Klinefelter syndrome karyotype 47, XXY
ICD10CM code
Name of the Condition
- Klinefelter Syndrome (47, XXY Karyotype)
- ICD Code: Q98.0
Summary
Klinefelter syndrome is a genetic condition affecting males, characterized by an extra X chromosome, resulting in the karyotype 47, XXY. This condition may lead to physical, developmental, and reproductive issues.
Causes
The condition is caused by a random genetic event leading to an extra X chromosome in males. This occurs during the formation of reproductive cells (eggs and sperm).
Risk Factors
- Advanced maternal age slightly increases the risk.

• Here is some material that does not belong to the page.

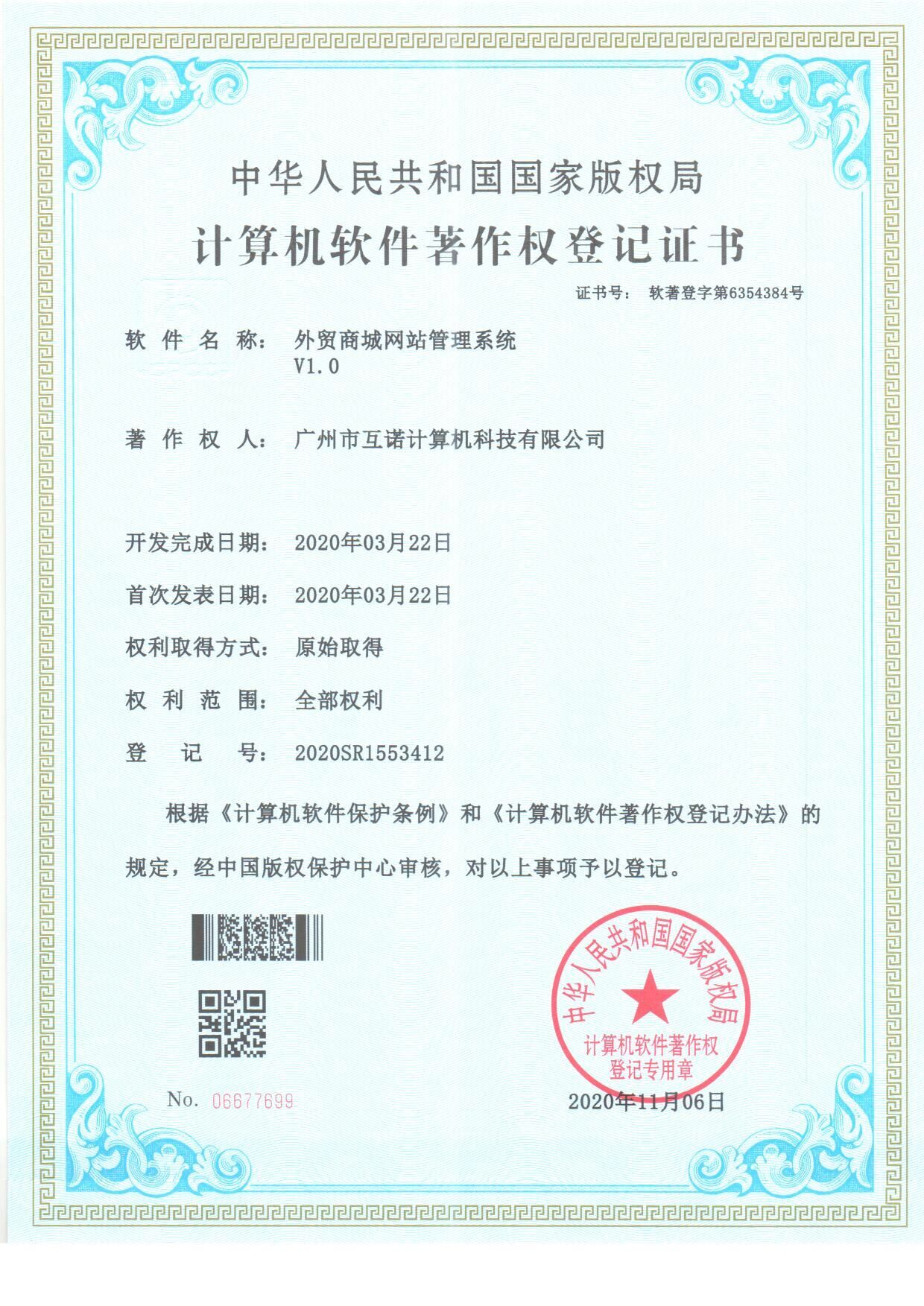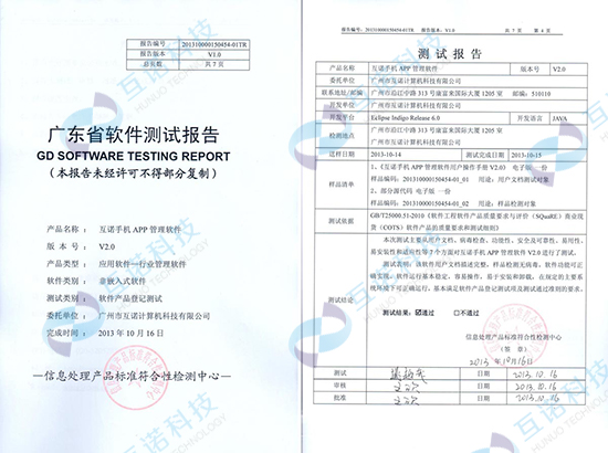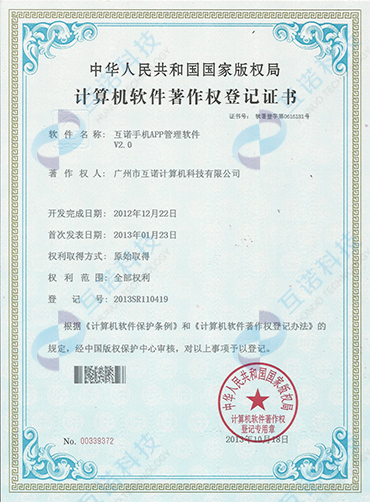 互諾手機(jī)APP管理軟件產(chǎn)品登記證書

- A family history of genetic disorders may contribute, but Klinefelter syndrome itself is not inherited.
Symptoms
- Taller than average height
- Reduced muscle mass
- Enlarged breast tissue (gynecomastia)
- Reduced facial and body hair
- Small testes and reduced fertility
- Learning and social challenges
Diagnosis
- Karyotype Analysis: A blood test to analyze chromosome composition.
- Hormone Testing: To assess levels of testosterone and other hormones.
- Physical examination may reveal signs like underdeveloped testes.
Treatment Options
- Testosterone Replacement Therapy: Improves muscle mass, hair growth, and energy levels.
- Speech and Physical Therapy: Assists in addressing developmental delays and speech issues.
- Fertility Treatment: Although natural conception is rare, other assisted reproduction techniques may be explored.
- Psychological counseling can support mental well-being and learning challenges.
Prognosis and Follow-Up
With appropriate treatment, individuals can live healthy lives. Regular follow-up with endocrinologists and other specialists is crucial to monitor hormone levels and manage symptoms.
Complications
- Osteoporosis due to low testosterone levels
- Increased risk of breast cancer
- Social and educational challenges
Lifestyle & Prevention
While Klinefelter syndrome cannot be prevented, maintaining a balanced diet, regular exercise, and avoiding smoking or excessive alcohol can help manage the condition's impact.
When to Seek Professional Help
Parents should consult a healthcare provider if their son shows developmental delays or if physical characteristics of Klinefelter syndrome are apparent.
Additional Resources
- Klinefelter Syndrome Association: ksausa.org
- National Organization for Rare Disorders: rarediseases.org
Tips for Medical Coders
- Verify the genetic test results confirming 47, XXY karyotype before assigning Q98.0.
- Avoid using unspecified or general codes for chromosomal abnormalities; ensure precise coding for accurate data and research purposes.